Direct link Reply with quote
 

Dominique Pivard  Identity Verified
Local time: 18:26
Finnish to French
TM-driven segmentation in memoQ Sep 6, 2012

Hans Lenting wrote:
Sometimes I have TMX files where segmentation isn't ideal. E.g. when translating SDLXLIFF files in another CAT tool I get TUs that contain more than one sentence.

Is there a tool to re-segment TMX files *without further conversion* in such a way that every sentence (and its translation) is placed in its own TU? In an ideal world this tool would use SRX rule files.

memoQ has a feature called "TM-driven segmentation":



I believe it does what you want to do, but the other way round: rather than adapting the segmentation of your TM to your document, it adapts the segmentation of your document to that of the TM.

The feature works very well and I'm surprised it hasn't been copied by other tools (AFAIK). Maybe it's something you should suggest to Igor


Direct link Reply with quote
 

Hans Lenting  Identity Verified
Netherlands
Member (2006)
German to Dutch
+ ...
TOPIC STARTER
Is this simple? Sep 6, 2012

Dominique Pivard wrote:


I believe it does what you want to do, but the other way round: rather than adapting the segmentation of your TM to your document, it adapts the segmentation of your document to that of the TM.

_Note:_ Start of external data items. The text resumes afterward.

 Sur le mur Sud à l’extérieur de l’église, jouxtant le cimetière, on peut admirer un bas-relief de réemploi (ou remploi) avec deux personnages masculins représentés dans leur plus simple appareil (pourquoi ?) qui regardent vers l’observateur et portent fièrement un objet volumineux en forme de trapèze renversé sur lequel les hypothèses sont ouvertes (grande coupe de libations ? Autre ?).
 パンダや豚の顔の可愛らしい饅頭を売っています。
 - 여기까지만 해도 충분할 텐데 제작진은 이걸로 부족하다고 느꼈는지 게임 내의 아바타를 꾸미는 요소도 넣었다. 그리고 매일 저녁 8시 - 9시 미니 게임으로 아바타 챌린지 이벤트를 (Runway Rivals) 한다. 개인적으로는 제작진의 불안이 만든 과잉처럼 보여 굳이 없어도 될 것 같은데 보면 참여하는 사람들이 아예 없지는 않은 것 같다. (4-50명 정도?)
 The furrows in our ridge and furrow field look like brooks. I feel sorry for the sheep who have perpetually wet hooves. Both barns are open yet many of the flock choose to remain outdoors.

I'm afraid not ... What I want is: translate SDLXLIFF in another CAT tool (e.g. CafeTran), change multi-sentence segments to segments only containing 1 sentence (part) each.

«tu tuid="1" creationdate="20120905T225134Z" creationid="HL"»
«tuv xml:lang="de-DE"»«seg»Dies ist der erste Satz. Dies der Zweite. Und dies ist der dritte Satz.«/seg»«/tuv»
«tuv xml:lang="nl-NL"»«seg»Dit is de eerste zin. Dit de tweede. En dit is de derde zin.«/seg»«/tuv»«/tu»

And this is what we want:

«tu tuid="1" creationdate="20120905T225134Z" creationid="HL"»
«tuv xml:lang="de-DE"»«seg»Dies ist der erste Satz. «/seg»«/tuv»
«tuv xml:lang="nl-NL"»«seg»Dit is de eerste zin. «/seg»«/tuv»«/tu»

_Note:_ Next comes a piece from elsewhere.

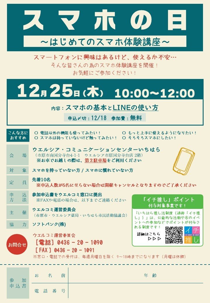 申込方法:12月18日(木)までに電話(ウエルコミ:0436-20-1090)
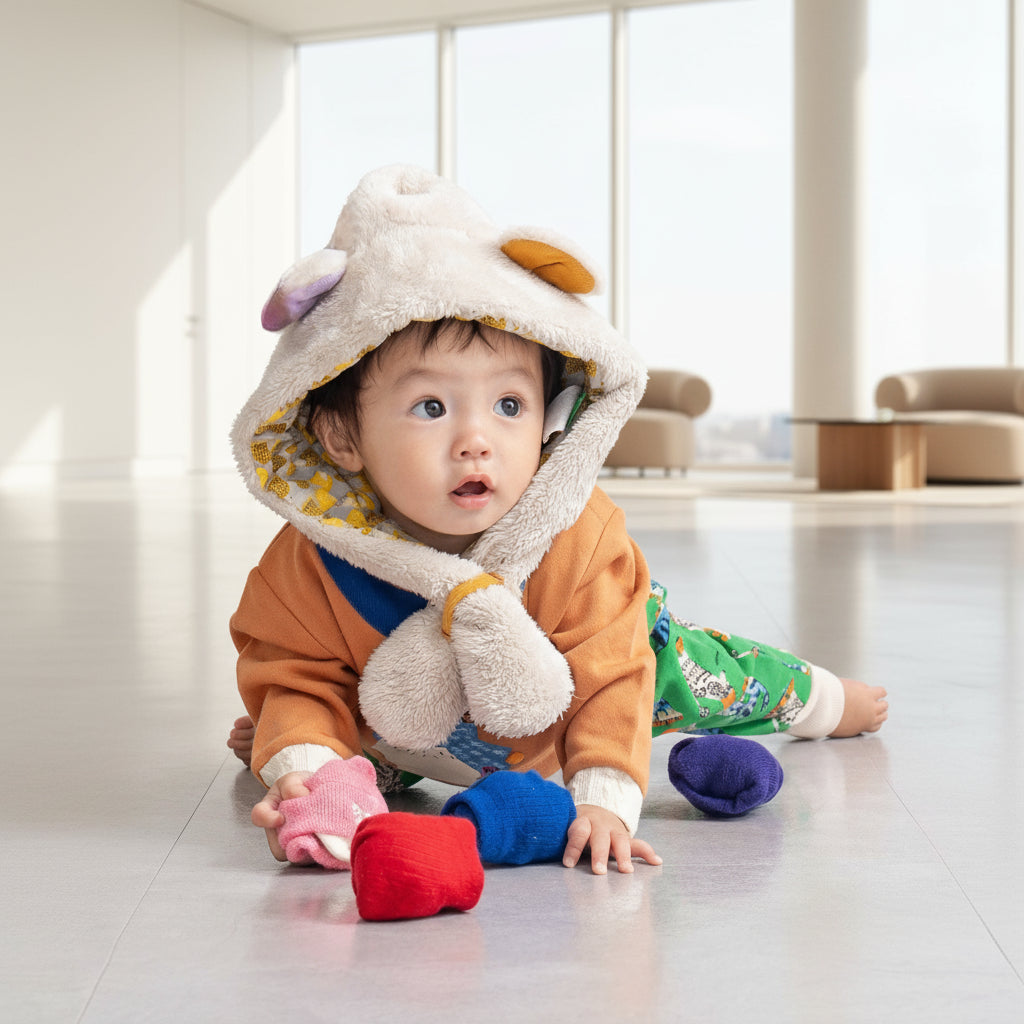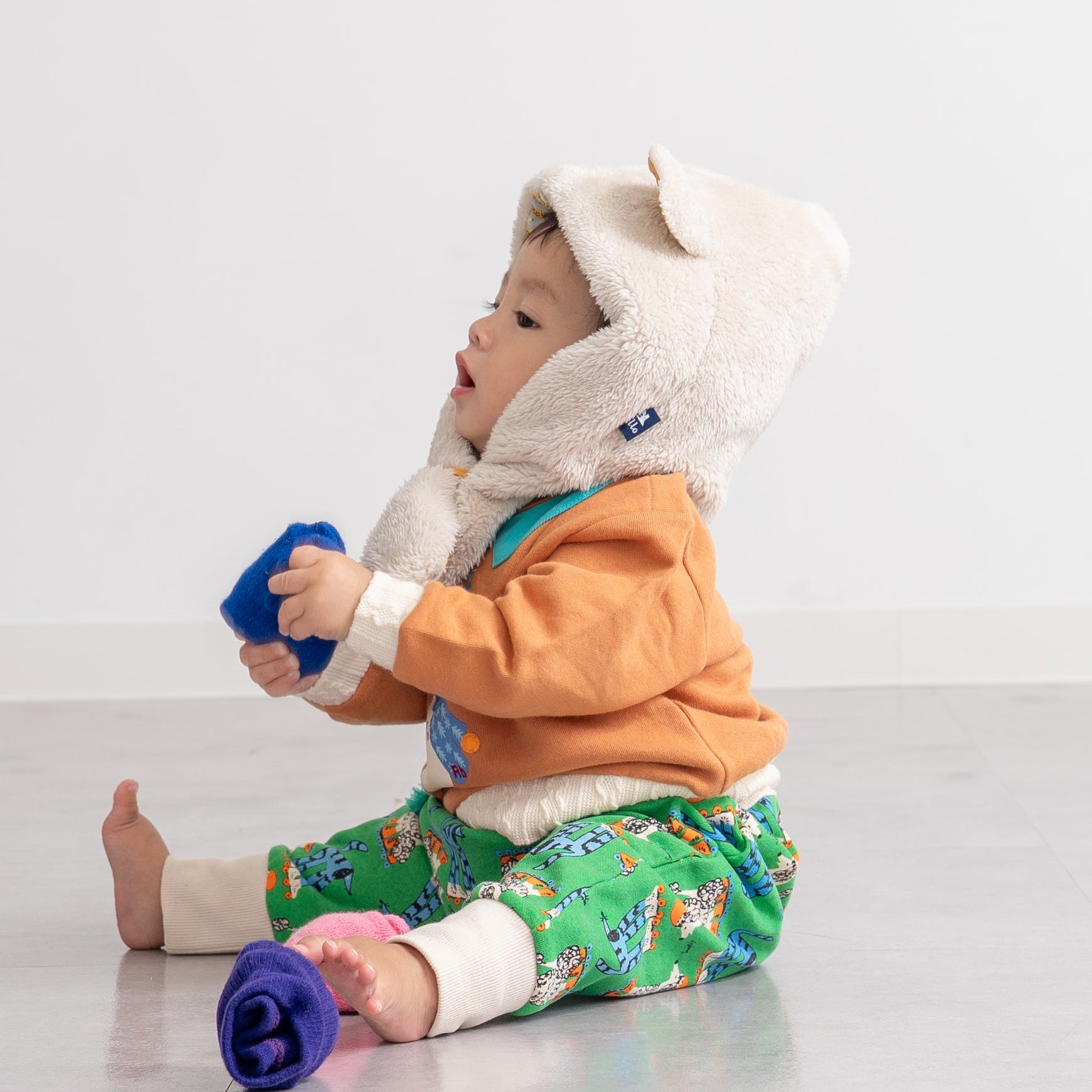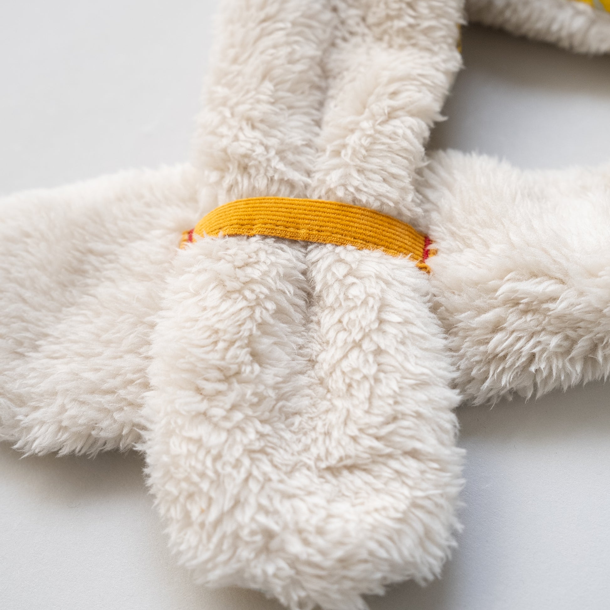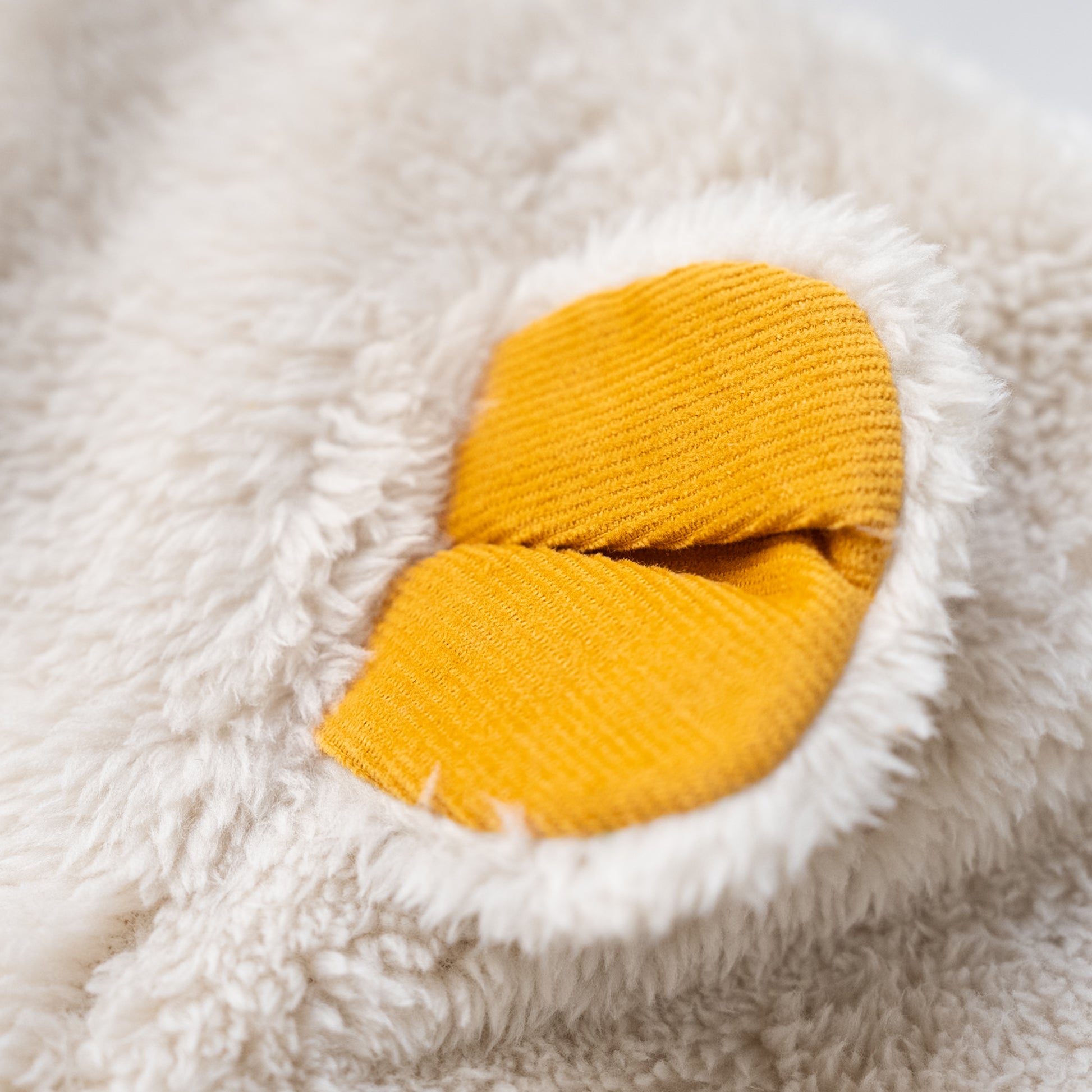 ふんわり暖かなファー素材の耳付き帽子。コレ1枚で帽子、耳あて、マフラーとして大活躍するデザインです。プレゼントにもオススメ。

«tu tuid="2" creationdate="20120905T225134Z" creationid="HL"»
«tuv xml:lang="de-DE"»«seg»Dies der Zweite. «/seg»«/tuv»
«tuv xml:lang="nl-NL"»«seg»Dit de tweede. «/seg»«/tuv»«/tu»

«tu tuid="3" creationdate="20120905T225134Z" creationid="HL"»
«tuv xml:lang="de-DE"»«seg»Und dies ist der dritte Satz.«/seg»«/tuv»
«tuv xml:lang="nl-NL"»«seg»En dit is de derde zin.«/seg»«/tuv»«/tu»

Where the number of sentences per TU in both source and target is identical, this proces can be automated. In cases where the numbers differ (because of joining/splitting) a simple dialog box should pop up.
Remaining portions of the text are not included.